Pleiotropy and facilitation of local adaptation in the silverleaf sunflower Helianthus argophyllus
Pleiotropy and facilitation of local adaptation in the silverleaf sunflower Helianthus argophyllus
Okinedo, U. E.; Moyers, B. T.
AbstractLocal adaptation drives changes in population phenotypes that confer survival or increased reproduction in certain environments. Local adaptation may be hindered or facilitated by pleiotropy, which is the control of multiple traits by a single genetic locus. In this study, we explored the connections between pleiotropy and local adaptation in the Texas endemic silverleaf sunflower, Helianthus argophyllus. Populations of H. argopyllus exhibit a bimodal life history strategy, consisting of tall, late-flowering forms and short, early-flowering forms that occur in close geographic proximity. The expression of life history traits within H. argophyllus populations is linked to local adaptation and controlled by a highly pleiotropic locus. Still, we do not know how local adaptation and pleiotropy interact at the transcriptomic level. We identified putatively locally adapted genes using whole RNA sequencing data and two selection outlier approaches. We assessed transcriptomic pleiotropy by evaluating whether allelic variants within genes control the expression of other genes (an eQTL approach) and gene co-expression network connectivity.

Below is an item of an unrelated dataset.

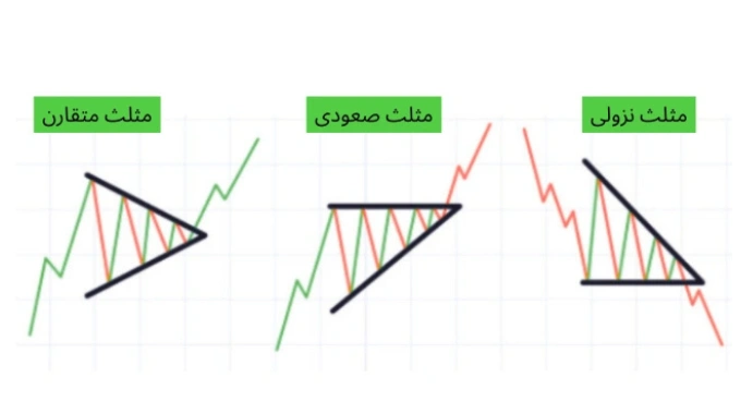🔻الگوی مثلث (متقارن، صعودی، نزولی)

Our results show that candidate locally adaptive genes identified by both methods are enriched for eQTL loci. Candidate genes identified through associations with environmental variables exhibit modular expression and have significantly lower network connectivity than non-adapted genes. In contrast, candidate genes identified only by controlling for population structure have significantly higher network connectivity. Our results suggest that the role of pleiotropy in local adaptation, at least at the transcriptomic level, depends on the function of the specific loci under selection.